_REQUIREMENT:_
Output exactly, in the material below, the lines from the one with "Jumat (4/7) KPU" through the one with "Of baluster form". Omit all pictures.

_DATA IN THIS EXERCISE:_
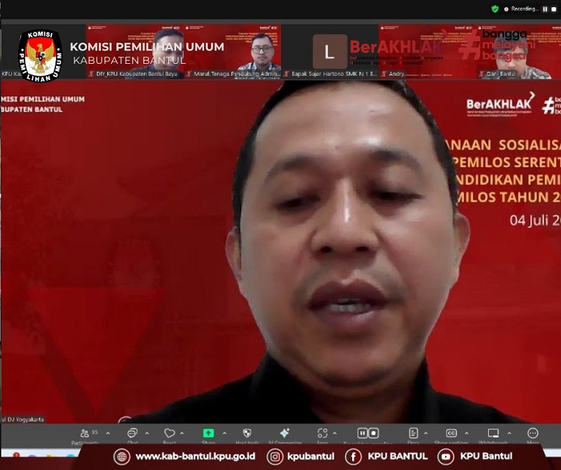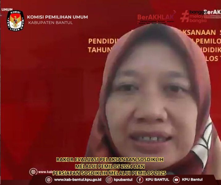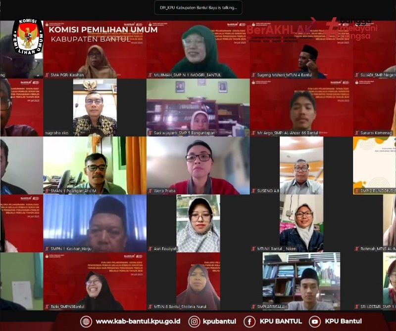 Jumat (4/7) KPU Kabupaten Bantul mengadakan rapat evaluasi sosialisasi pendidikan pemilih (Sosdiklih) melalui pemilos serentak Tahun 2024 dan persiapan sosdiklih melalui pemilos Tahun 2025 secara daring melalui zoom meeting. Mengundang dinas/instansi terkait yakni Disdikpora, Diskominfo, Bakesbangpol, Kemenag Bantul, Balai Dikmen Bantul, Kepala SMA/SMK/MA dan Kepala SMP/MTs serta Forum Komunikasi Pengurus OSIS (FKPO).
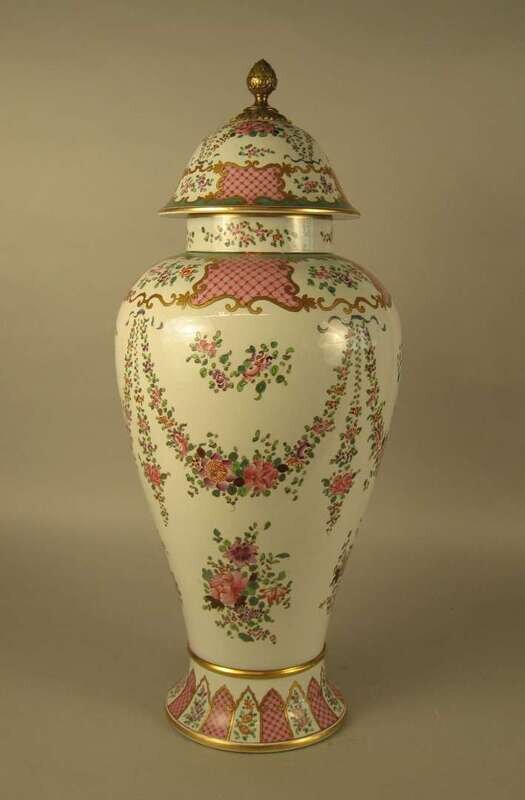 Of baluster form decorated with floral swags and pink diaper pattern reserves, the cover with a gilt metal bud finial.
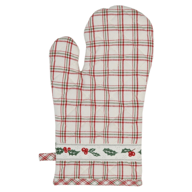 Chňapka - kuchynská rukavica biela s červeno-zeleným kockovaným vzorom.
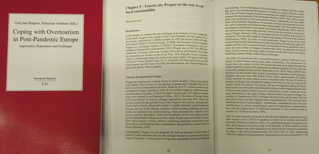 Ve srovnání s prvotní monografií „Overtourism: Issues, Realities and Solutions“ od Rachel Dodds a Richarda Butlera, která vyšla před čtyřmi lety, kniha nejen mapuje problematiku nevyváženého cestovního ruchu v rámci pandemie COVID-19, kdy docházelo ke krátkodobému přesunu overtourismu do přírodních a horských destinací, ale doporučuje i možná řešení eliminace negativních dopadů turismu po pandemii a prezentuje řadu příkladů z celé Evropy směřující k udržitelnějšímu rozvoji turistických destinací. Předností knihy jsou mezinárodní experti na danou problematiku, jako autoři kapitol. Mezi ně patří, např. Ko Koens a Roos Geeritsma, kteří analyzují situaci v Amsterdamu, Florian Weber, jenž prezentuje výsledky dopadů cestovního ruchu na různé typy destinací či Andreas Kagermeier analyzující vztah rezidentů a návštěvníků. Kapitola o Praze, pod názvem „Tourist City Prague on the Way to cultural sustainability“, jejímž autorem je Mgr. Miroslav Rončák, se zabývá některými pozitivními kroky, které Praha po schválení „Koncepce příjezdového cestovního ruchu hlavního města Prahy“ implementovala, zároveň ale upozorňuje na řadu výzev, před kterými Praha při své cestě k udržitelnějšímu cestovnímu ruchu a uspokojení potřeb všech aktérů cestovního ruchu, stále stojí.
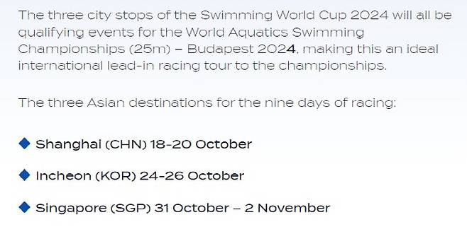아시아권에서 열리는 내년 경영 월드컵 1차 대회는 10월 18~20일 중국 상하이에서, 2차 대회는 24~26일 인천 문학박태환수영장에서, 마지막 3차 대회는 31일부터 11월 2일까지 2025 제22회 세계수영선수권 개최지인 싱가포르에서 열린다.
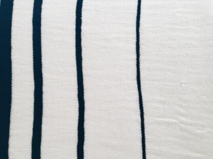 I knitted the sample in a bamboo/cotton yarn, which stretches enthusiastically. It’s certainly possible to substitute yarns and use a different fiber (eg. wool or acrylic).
==
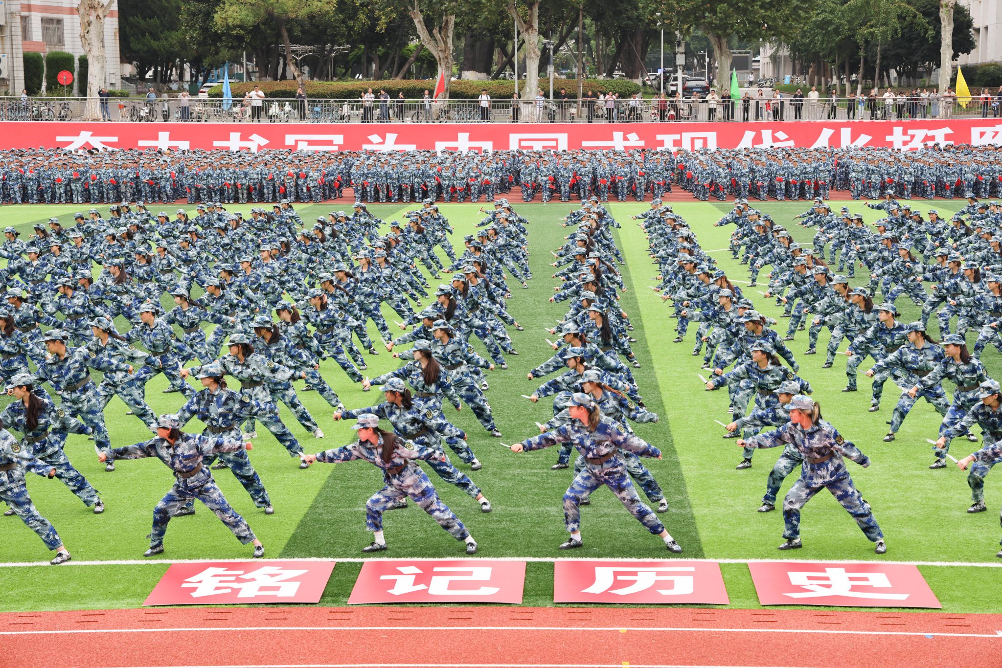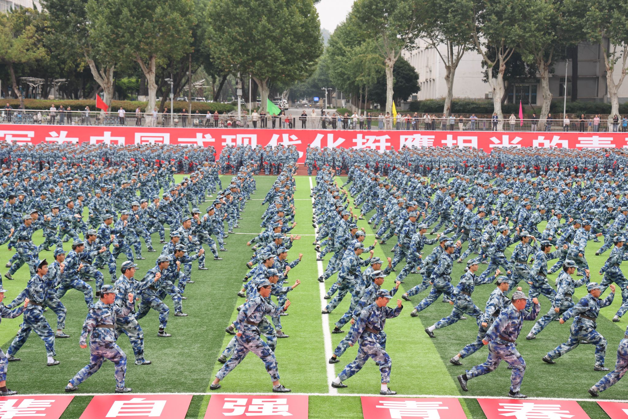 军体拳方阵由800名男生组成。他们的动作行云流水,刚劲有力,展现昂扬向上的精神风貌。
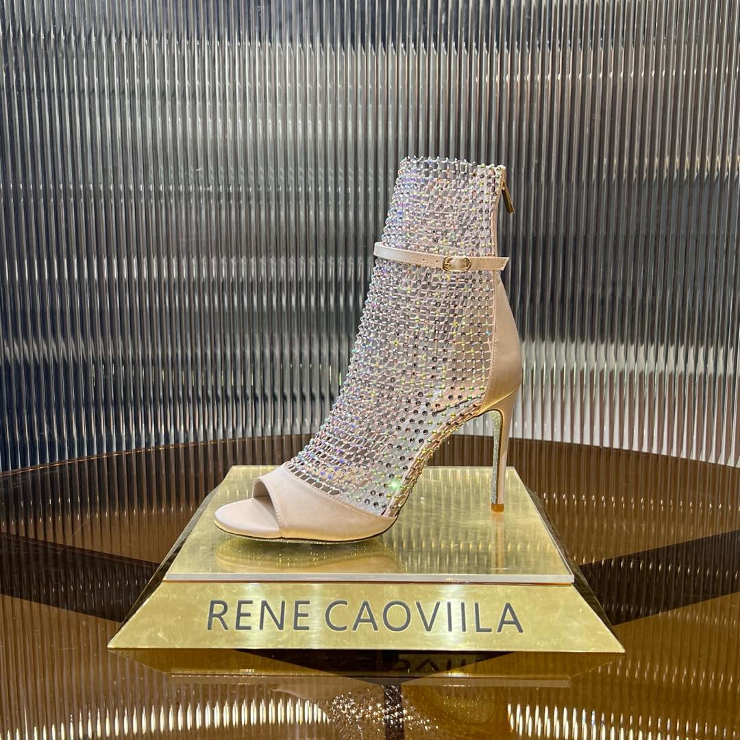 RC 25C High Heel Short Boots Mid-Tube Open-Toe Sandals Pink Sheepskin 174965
* * *
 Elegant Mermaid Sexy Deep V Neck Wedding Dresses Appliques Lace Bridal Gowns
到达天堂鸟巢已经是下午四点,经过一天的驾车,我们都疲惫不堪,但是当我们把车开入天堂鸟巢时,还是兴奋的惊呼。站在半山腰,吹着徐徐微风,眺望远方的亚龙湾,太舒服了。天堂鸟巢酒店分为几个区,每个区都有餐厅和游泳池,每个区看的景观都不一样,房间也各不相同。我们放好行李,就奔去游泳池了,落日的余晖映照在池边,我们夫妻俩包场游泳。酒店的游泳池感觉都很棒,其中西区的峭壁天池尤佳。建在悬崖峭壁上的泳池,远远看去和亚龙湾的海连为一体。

_ANSWER AREA:_
 Jumat (4/7) KPU Kabupaten Bantul mengadakan rapat evaluasi sosialisasi pendidikan pemilih (Sosdiklih) melalui pemilos serentak Tahun 2024 dan persiapan sosdiklih melalui pemilos Tahun 2025 secara daring melalui zoom meeting. Mengundang dinas/instansi terkait yakni Disdikpora, Diskominfo, Bakesbangpol, Kemenag Bantul, Balai Dikmen Bantul, Kepala SMA/SMK/MA dan Kepala SMP/MTs serta Forum Komunikasi Pengurus OSIS (FKPO).
 Of baluster form decorated with floral swags and pink diaper pattern reserves, the cover with a gilt metal bud finial.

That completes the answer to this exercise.